CREO QUE ES una rara sincronía. Mientras miraba en
vivo en la televisión el lanzamiento de la nave
espacial más poderosa jamás construida, hoy, murió
el papá. No hubo ninguna relación causal. La noticia
le asombró y divirtió, pero no le impactó como para
relacionarla con su muerte.
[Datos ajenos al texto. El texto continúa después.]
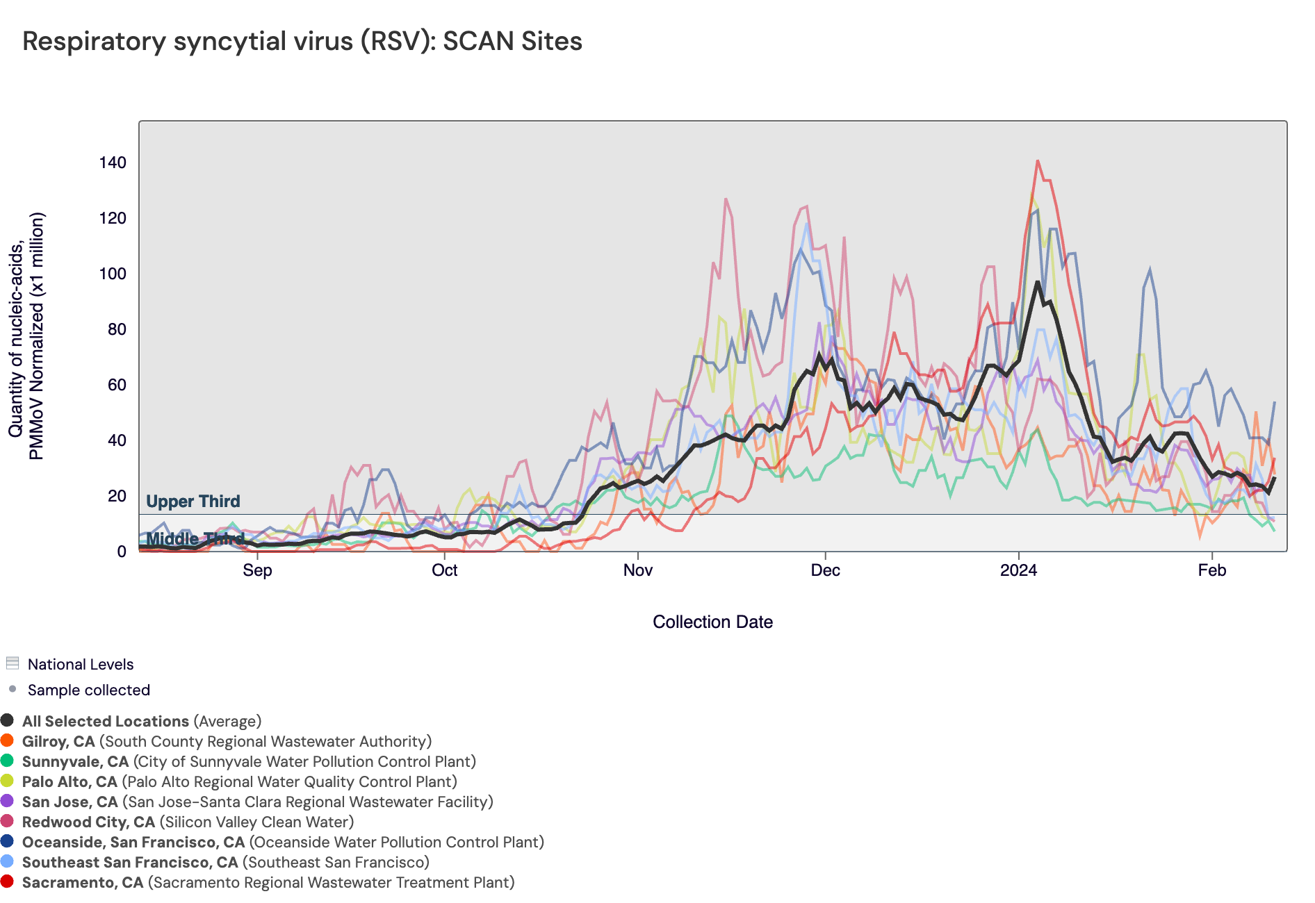 RSV RNA concentrations remain high at most SCAN sites and all SCAN sites remain in wastewater onset. In the chart below, the population weighted average line across all the SCAN plants (black) is compared to the RSV concentrations at individual SCAN plants over the last six months. The National Levels benchmarks superimposed on the RSV data from the SCAN sites (you can access this chart here). Currently, most SCAN sites have RSV concentrations in the upper third level.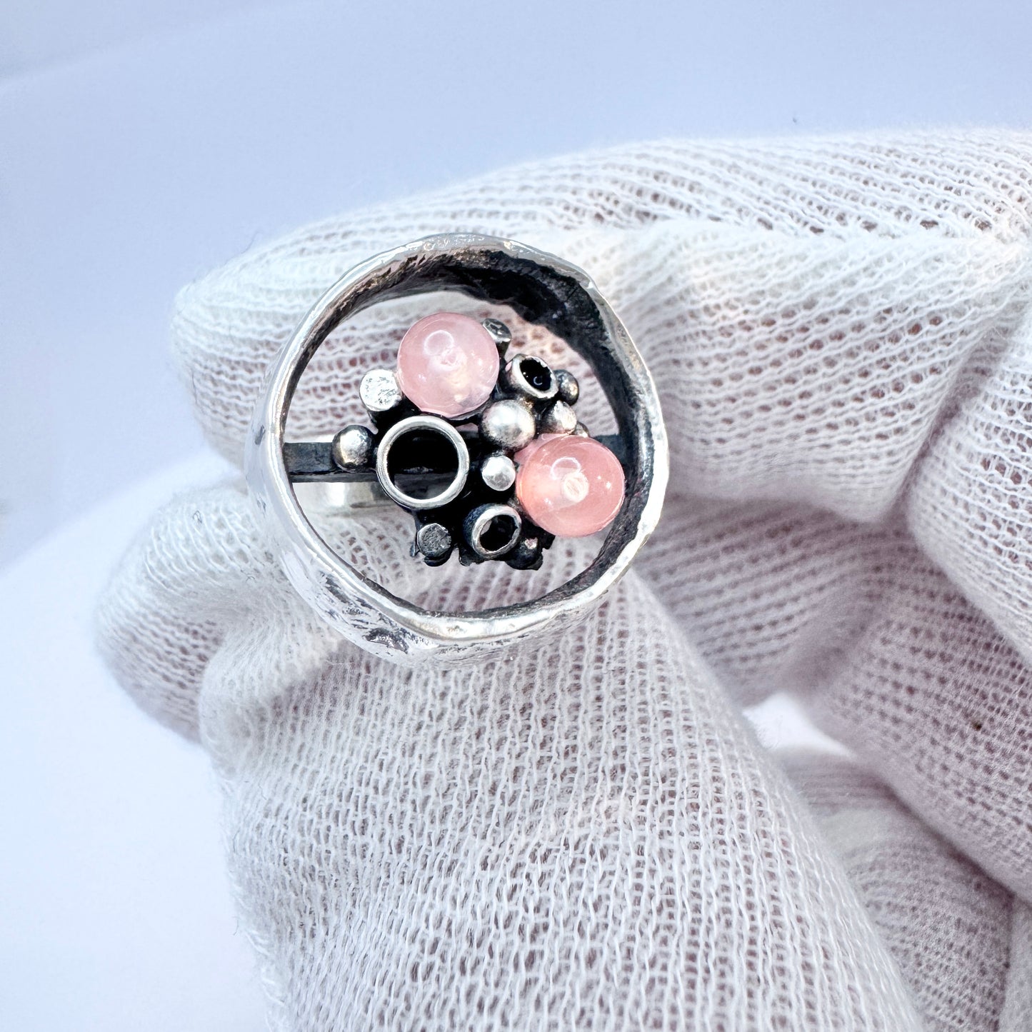 Perli, Germany 1970s. Vintage Modernist Rose Quartz Silver Ring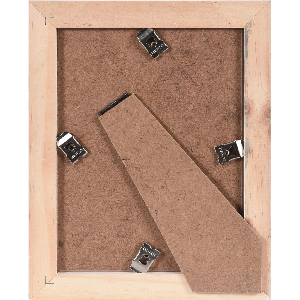 De Henzo Driftwood fotolijst 15 x 20 centimeter wit is een landelijk ogende fotolijst die je aan de wand kunt ophangen of met een standaard aan de achterkant ergens kunt neerzetten. Het kan zowel verticaal als ook horizontaal. De kleur van de lijst is wit en het artikel wordt ook in andere kleuren en formaten verkocht. Door de Henzo Driftwood fotolijst 15 x 20 centimeter wit aan de achterkant met de clips te openen kun je een foto op het geslepen en gewassen glas plaatsen. Dat kan met de passe-partout voor een foto van 13 bij 18 centimeter of zonder passe-partout met een foto van maximaal 15 centimeter bij 20 centimeter. Het frame heeft een breedte van 23 centimeter en is 29 centimeter hoog.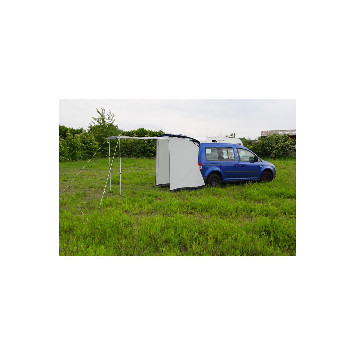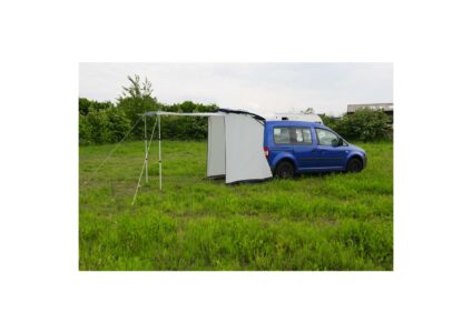 Schneller Aufbau!Zelt wird mit angenähten Gurten unter die Heckklappe montiert. Klettverbindung und Abdichtung zur Karosserie machen es praktisch regendicht. Rückwand als Tür oder Sonnensegel aufstellbar. Belichtung des Innenraumes auch bei geschlossener Tür durh Oberlicht-Fenster im Dach. Kompakt Perfekt geeignet als Raumerweiterung am Minicamper oder als Dusch- oder Umkleidezelt Grundriss ragt nicht über Heckklappenkontur hinaus, dadurch z.B. für Urlaub in Frankreich besonders interessant kein…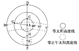 【小题1】从等太阳高度线的分布状况看,A点为直射点,F点所在的等太阳高度线为晨昏线,图中A点的纬度是15°S,F点的纬度为75°S。A点与F点的经度相差180°。北京时间21时,F点0时,因此F点的经度为165°E,答案选D。

Solo fue la sincronía de
la partida de ambos a penetrar otros universos.
Al papá siempre le fascinó la tecnología y las
máquinas, de manera que le fue muy significativo que
el Halcón Enorme (así se llamó la nave) estuviera
lleno de símbolos tecnológicos: Un automóvil rojo
deportivo con un muñeco Starman al volante mirando
un cartel en el panel de control con una frase que
dice algo así como «Que no cunda el pánico»,
mientras se escucha de manera cíclica la canción
“Extravagancia Espacial”, de David Bowie.
La nave debía poner en órbita del sol, entre Marte y
la Tierra este magnífico automóvil rojo, con la
misión de mantenerse ahí por, quizás, miles de años,
como signo precursor que prefiguraría la misión de
instalación de colonias humanas en el globo rojo.
Pero, por desgracia, alguna falla inesperada lo
desvió de su ruta lanzándolo hacia el cinturón de
asteroides en el entorno de Júpiter.
Al papá, mientras tanto, en la infinita brevedad de
nuestro tiempo, le hicimos un triste y bello
funeral, que concluyó, después de incinerarlo, en la
alta cordillera, más allá de Valle Nevado, en las
cumbres de El Plomo, donde los antiguos habitantes
de estas zonas dejaban ofrendas de niños, ensacados,
que morían momificados, para implorar buen clima y
lluvias que bajaban de los cerros para sus cosechas.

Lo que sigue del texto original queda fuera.